As we said before, the header points to the first IFD. Most IFDs contain a further pointer to other IFDs at the same level, or subIFDs. This makes a simple tree made of IFDs.

Existing RAW formats

The following table should list all existing RAW image file formats. If you know of a format that isn't listed, please add it to the table. Also if you notice some error, or know some information that's not present, please feel free to correct and add.
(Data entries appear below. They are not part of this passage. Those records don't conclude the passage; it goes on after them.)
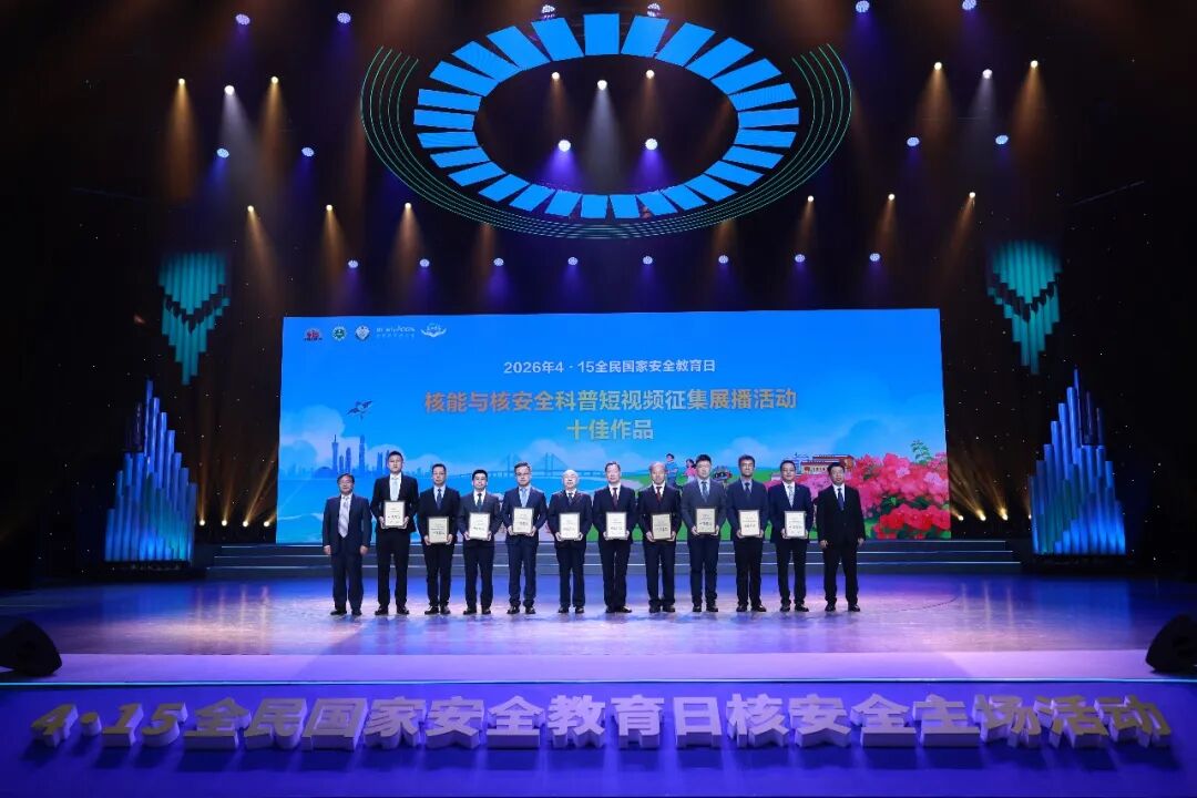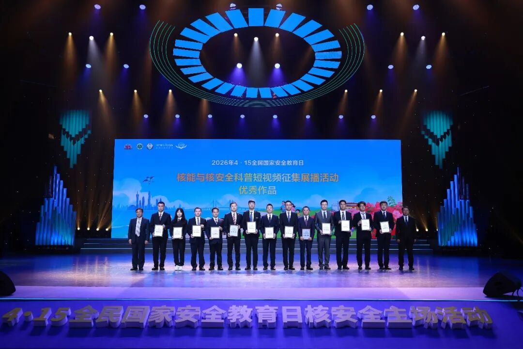 为营造核安全宣传浓厚氛围,活动前夕,生态环境部核与辐射安全中心联合中广核举办了2026年“4·15”核能与核安全科普短视频征集展播活动,吸引85家单位提交175部作品,活动现场,生态环境部核与辐射安全中心副主任封有财、中国广核电力股份有限公司副总裁周建平为十佳作品和优秀作品获奖单位颁奖。
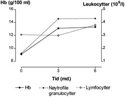En måned etter utskrivning kom pasienten til poliklinisk kontroll. Han hadde merket tydelig bedring i sin fysiske yteevne. Da han viste tegn til å få for mye kortisol (rund og rødmusset i fjeset), ble Cortone redusert til 25 mg + 12,5 mg. Han begynte også med gradvis nedtrapping av tyroksin. Etter tre måneder ble det foretatt kontroll av blodprøver og beinmarg. Han hadde gått opp 6 – 7 kg i vekt og var blitt rund i kinnene. Allmenntilstanden var svært god, han drev daglig fysisk aktivitet og hadde til dels anstrengende arbeid. Plagene med kalde fingrer var helt forsvunnet. Hb hadde steget til 13,1 g/100 ml, og det forelå ingen absolutt nøytropeni eller relativ lymfocytose (fig 1). Perifert blodutstryk var normalt. Beinmargsutstryket hadde normalisert seg og viste ikke lenger venstreforskjøvet myelopoese eller dysplastiske trekk (fig 2b). Beinmargsbiopsien (fig 3b) ble vurdert å ha normal cellefordeling og normal cellularitet (45 – 50 %).
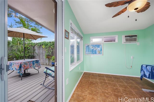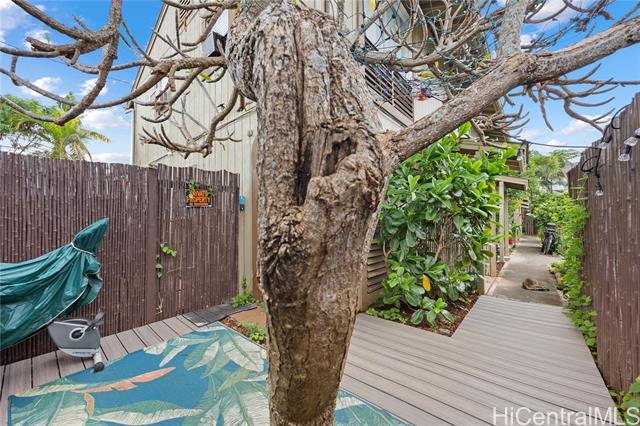 RARE PRIVATE YARD + BONUS 3RD BEDROOM/OFFICE NEAR THE BEACH Renovated corner-end townhouse in a boutique 7-unit community with a true single-family feel in Waialua. Features new LVP flooring, custom tile in baths and bonus room, 1.5 baths, A/C and ceiling fans in every room, allergy-friendly paint, and reverse osmosis water system. Fully fenced private yard with a brand-new Trex deck and private outdoor shower—perfect after the beach. Two blocks from Aweoweo Beach Park, one block to the bike / walking path, minutes to Waialua Elementary, and easy access to Schofield and Haleiwa Town. *No water damage during the March 2026 flash flood events. HIGHLIGHTS: Renovated: New LVP & custom tile in baths/bonus room. Comfort: A/C + ceiling fans in every room; 1.5 baths. Fresh & Healthy: Allergy-friendly paint + reverse osmosis filtration. Flex Space: Bonus room for office or 3rd bed. Location: 2 blocks to Aweoweo Beach; 1 block to bike path; near Waialua Elementary. Local Vibes: Waialua Sugar Mill—Molino, The Den, MeleMele Bakery. Commute: Fast access to Schofield/Honolulu. Move-in ready with rare privacy this close to the sand!

Ext. Maker and models Notes
ARW Sony (a100)
CR2 Canon EOS (1D, 1D MkII, 1DS, 1DS MkII, 20D, 30D, 40D, 5D, 350D/XT, 400D/XTi) Camera Raw 2 (modified TIFF); Lossless compression; format description[5]
CRW Canon EOS (10D, 300D, D30, D60), Canon PowerShot (600, A5, A5 Zoom, G1, G2, G3, G5, G6, S45, S50, S70) Camera RAW (CIFF); Specifications available[6][7]
DCR Kodak (DSC Pro SLR, DSC Pro 14N, DSC PRO 14nx) Digital Camera RAW
DNG Adobe, Hasselblad (503CW), Leica (Digilux-3, R8, R9, M8), Pentax (K10D), Ricoh (Digital-GR), Samsung (GX10, Pro815) Digital Negative; Open documentation[8]
K25 Kodak (DC25)
KDC Kodak (DC40, DC50, DC120, P850)
MRW Minolta (DiMAGE 5, DiMAGE 7, DiMAGE A1, DiMAGE A200, Dynax, Maxxum 7D) Minolta RAW Format
NEF Nikon (D1, D1H, D1X, D100, D2H, D2Hs, D2X, D200, D50, Nikon D70, D70s, E5000, E5700, E8800) Nikon Electronic Format; format varies from model to model; some versions use metadata encryption[3]
ORF Olympus (C5050Z, E-1, E-10, E-300, C70Z, C7070Z, SP350) Olympus RAW
PEF Pentax (istD, istDS) Pentax Electronic Format; Each model has different format
PTX Pentax
SR2 Sony
SRF Sony (DSC-F828, DSC-R1) Sony RAW File
X3F Sigma (SD9, SD10) Foveon sensor, Specification is available[9]

Reading RAW files

We have a page with a Comparison table of RAW software for Linux.

Dave Coffin's dcraw

Digital photography owes much to David Coffin, who wrote and maintains dcraw under a free and open source license. With dcraw we can decode virtually any RAW file produced from a digital camera. And not only open source programs benefit from Dave Coffin's work, even proprietary software like Adobe Photoshop and others use his source code.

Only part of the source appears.